**Task inputs**
-=-=-

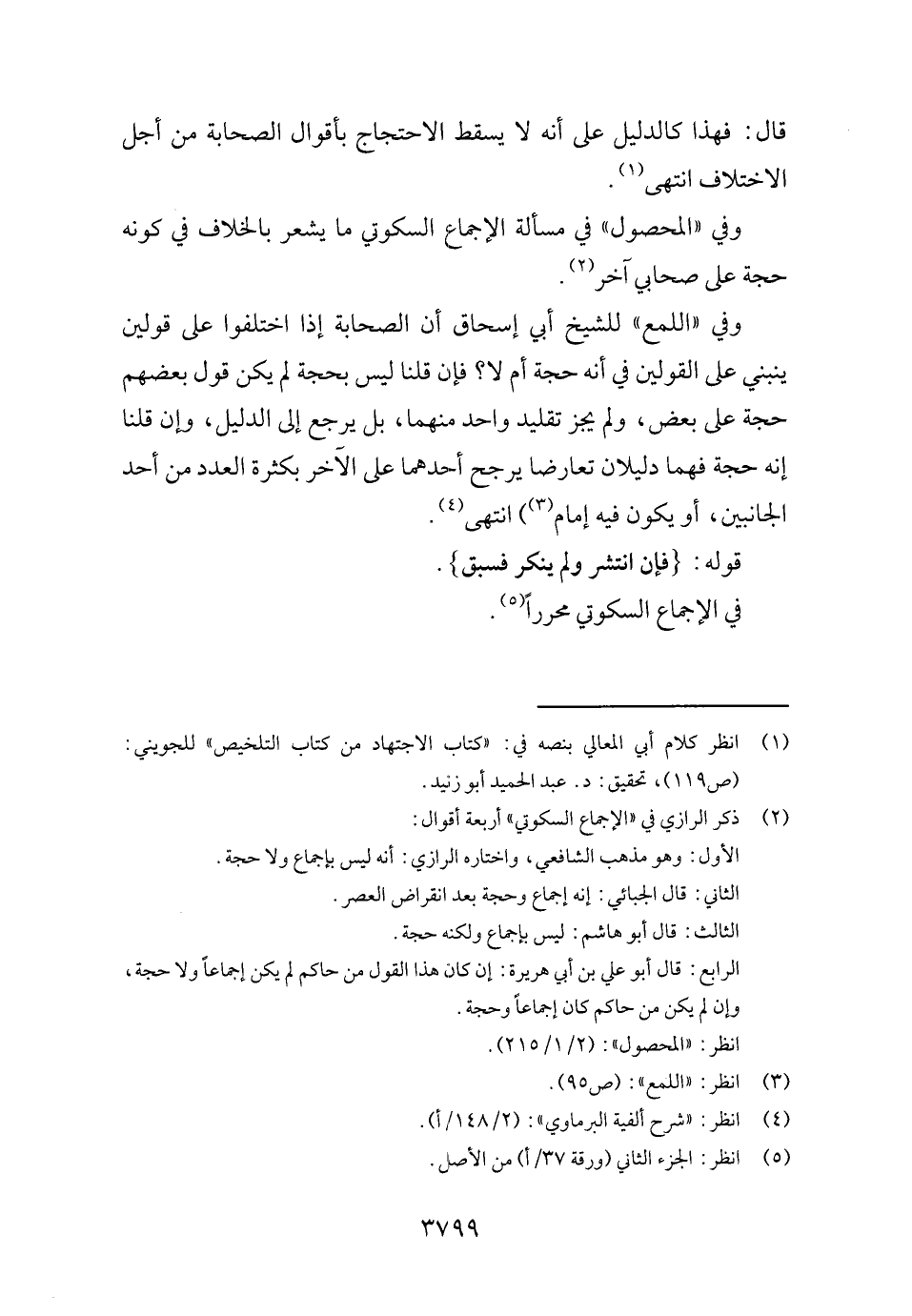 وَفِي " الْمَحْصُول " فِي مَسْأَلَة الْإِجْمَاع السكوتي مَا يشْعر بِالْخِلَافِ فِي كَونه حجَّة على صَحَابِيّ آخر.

-=-=-

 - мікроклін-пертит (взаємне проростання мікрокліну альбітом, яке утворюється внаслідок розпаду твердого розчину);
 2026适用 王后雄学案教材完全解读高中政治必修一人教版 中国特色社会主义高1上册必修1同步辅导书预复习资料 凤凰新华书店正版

-=-=-

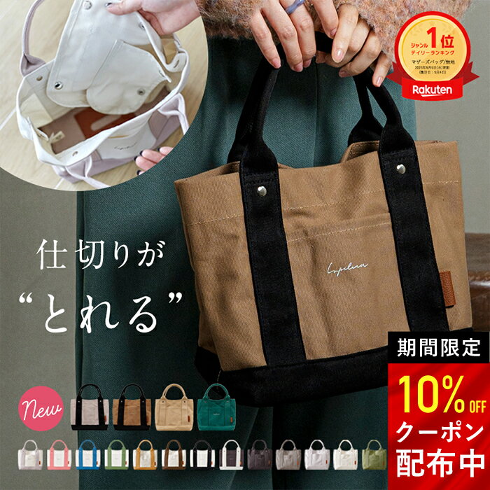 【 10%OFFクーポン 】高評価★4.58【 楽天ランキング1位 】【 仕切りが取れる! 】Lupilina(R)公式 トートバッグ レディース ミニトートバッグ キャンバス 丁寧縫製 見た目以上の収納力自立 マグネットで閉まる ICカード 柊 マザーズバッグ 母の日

-=-=-

**The problem**
The response should hold exactly the lines starting at the line with "- мікроклін-пертит (взаємне" and ending at the line with "2026适用 王后雄学案教材完全解读高中政治必修一人教版 中国特色社会主义高1上册必修1同步辅导书预复习资料", and no other line of the material above.

**Solution to the problem**
 - мікроклін-пертит (взаємне проростання мікрокліну альбітом, яке утворюється внаслідок розпаду твердого розчину);
 2026适用 王后雄学案教材完全解读高中政治必修一人教版 中国特色社会主义高1上册必修1同步辅导书预复习资料 凤凰新华书店正版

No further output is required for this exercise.